We have a pair of pigeons who have visited our garden for a number of years, not sure if it's the same pair each year but they always sit in the same place on the fence and in the tree. This year we were worried as one was always on its own sitting on the fence, this went on for a few weeks, but eventually another one joined it again. We wondered if maybe one was on the nest all this time, or the other option could have been one had died and then a new mate had come along. We now have what appears to be one adult and 4 young visiting daily. I have looked online about pigeons and it says they only ever lay 2 eggs at a time. The young ones look quite big. How long do the young stay with the parents once out of the nest? And is it unusual to see 4 young? Also yesterday they were in the tree and two of them had their wings over one another as if they were cuddling, a third one then jumped on top and spread it's wings over both of them. What is this behaviour?


----------



## Phoenix24 (Apr 6, 2013)

I'm assuming you are talking about woodpigeons?

It's likely that during the period where you only saw one bird that the other was indeed sat on the nest.

Woodpigeons are prolific breeders and will carry on nesting throughout the year, only stopping briefly, it seems, during the coldest winter months (though they supposedly only rear two broods a year per pair). They do only lay two eggs at a time, and often only one of those chicks will survive to fledge. 

It's possible that perhaps two young from a previous brood are still hanging around the territory, or perhaps young from a nearby pair are also hanging around. I have three pairs that regularly use our garden, and often see chicks from different broods in the garden at the same time. At the moment there are two well grown youngsters that seem to be loosely following one set of adult birds around, and another pair have a much younger baby still begging off them.

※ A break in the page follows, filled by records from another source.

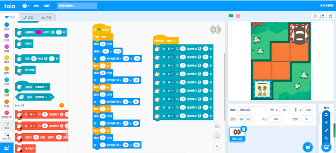 具備基礎編程邏輯思維的用戶(中、高年級兒童):可以通過toio™進行可視化編程(需要用到電腦或其他終端),利用索尼開發的應用程序,用戶可以利用精準的坐標,通過Q寶繪制形狀,并使用自己編寫的程序來操控Q寶機器人。
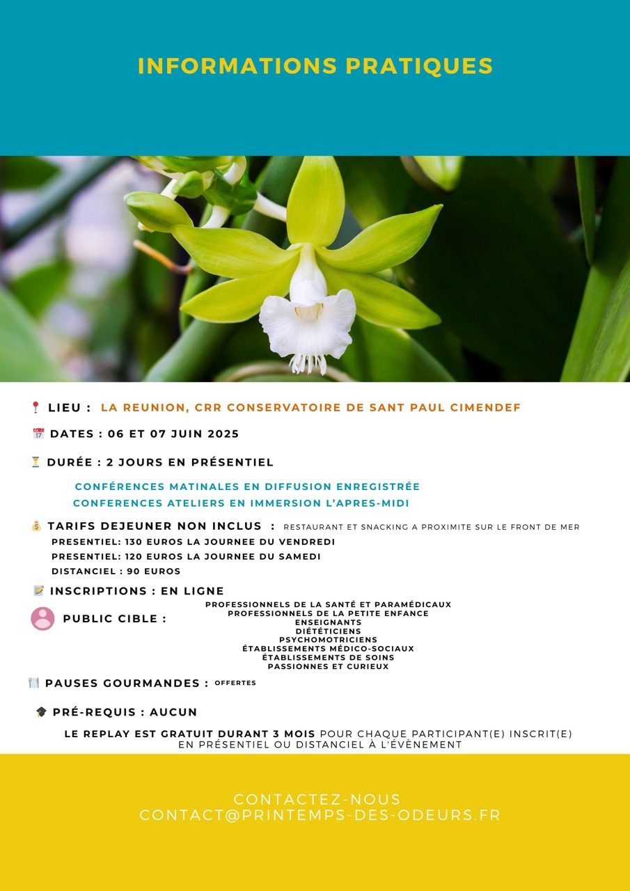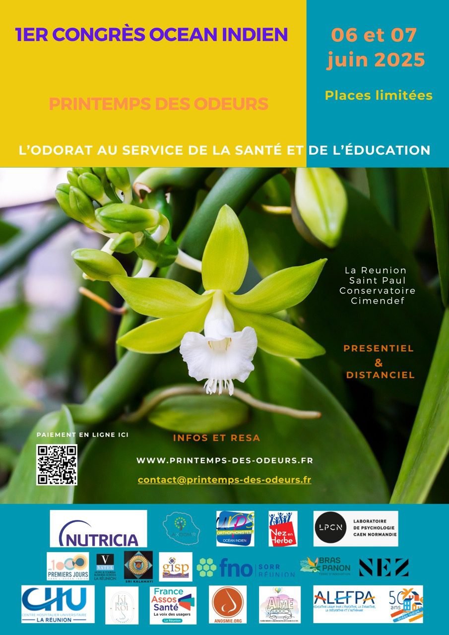 1erCongrès Printemps des odeurs de l’Océan Indien : L’odorat au service de la santé et de l’éducation, qui se tiendra les vendredi 6 et samedi 7 juin 2025.
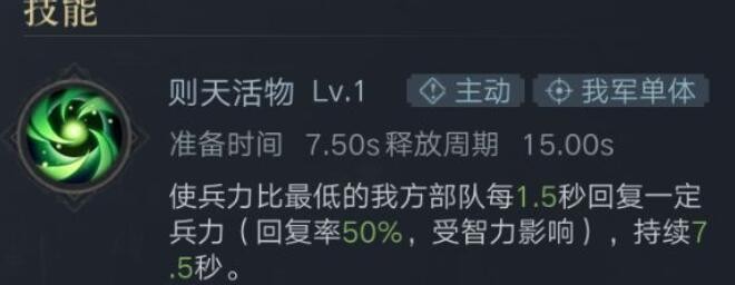 諸葛瑾擁有2御值,每1.5秒對(duì)兵力最低的部隊(duì)進(jìn)行一次恢復(fù),持續(xù)時(shí)間為7.5秒,總計(jì)恢復(fù)5次,間隔時(shí)間為15秒。盡管有15秒的間隔時(shí)間,他的治療能力仍然非常出色,幾乎可以媲美大喬。作為紫將中的頂級(jí)治療英雄,諸葛瑾以其僅需2御的屬性展現(xiàn)了極高的性價(jià)比。相比之下,雖然李典也是2御值,但其僅具備吸血效果,無法與諸葛瑾的治療效果相提并論。
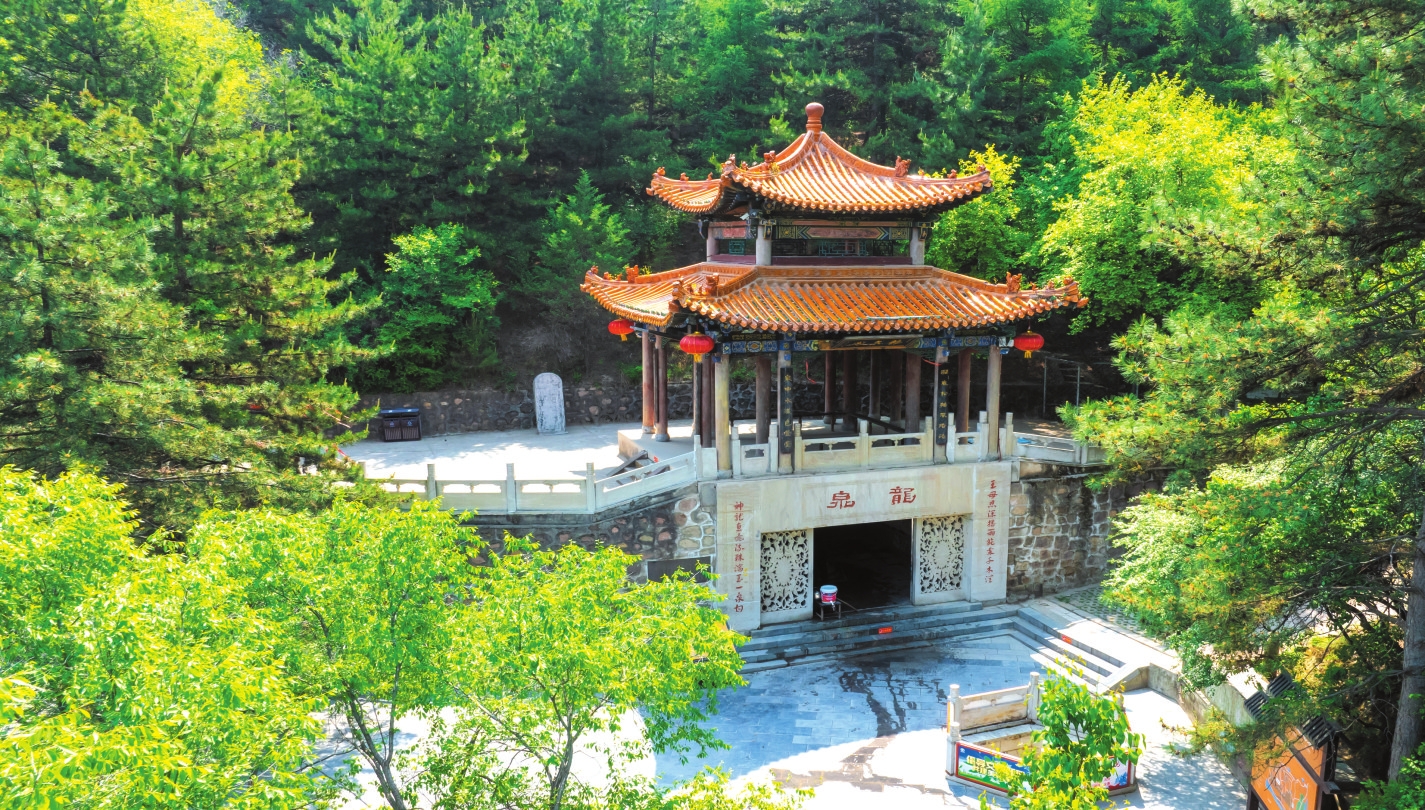 山有水而媚,土得水而沃。從大雄寶殿出來,沿著西門旁一條小道不遠處,就是那片號稱“天柱松濤”的松林了。只見樹干筆直,枝條蒼勁,直指云霄,林間松脂飄香,氣息悠然。人還在松林中流連尋芳,遠遠就能聽到聞名已久的“天柱龍泉”在流淌。龍泉位于景區(qū)廟群西南的龍泉閣,作為“靜樂舊八景”之首的“天柱龍泉”,又名“犬舐泉”,《魏書》載:“爾朱榮高祖羽健居北秀容川。會有狗舐地,因而穿之,得甘泉,故名?!毕鄠魅谐錾颀垼拭埲?。高山出泉是為奇觀,泉水清澈見底,旱不涸、澇不盈,夏飲清神,冬飲沁心。有“天柱圣境啟心智,龍泉奇觀令神怡”之頌。此泉水富含多種礦物質(zhì)和微量元素,是地地道道的“天然級礦泉水”。近幾年上山鍛煉的居民很多,人們上山時自帶裝水工具,攜泉水以做飯和飲用,期盼著龍泉水能給人帶來健康和好運。站在龍泉邊,總能感受到一陣陣濕潤的水氣撲面而來,甚至像風一樣輕繞著周身,使人置身于自然美景中不愿離開,連呼吸也變得無比暢快起來。

It's also possible, judging by what you have described, that one particularly successful male has landed himself two females, and has sired two young per female at the same time. I can't say for certain that this is as yet unheard of, perhaps its been seen before - but if so its very rare because from what is generally known about woodpigeons is that they are monogamous, and pairs can stay together for many years. They are also quite territorial and do fight with each other when their territories overlap (as mine do).

The other possibility is that you were watching two males fighting over a female, with one male trying to guard her by shielding her with his wings (the other male trying to but in perhaps underneath).


----------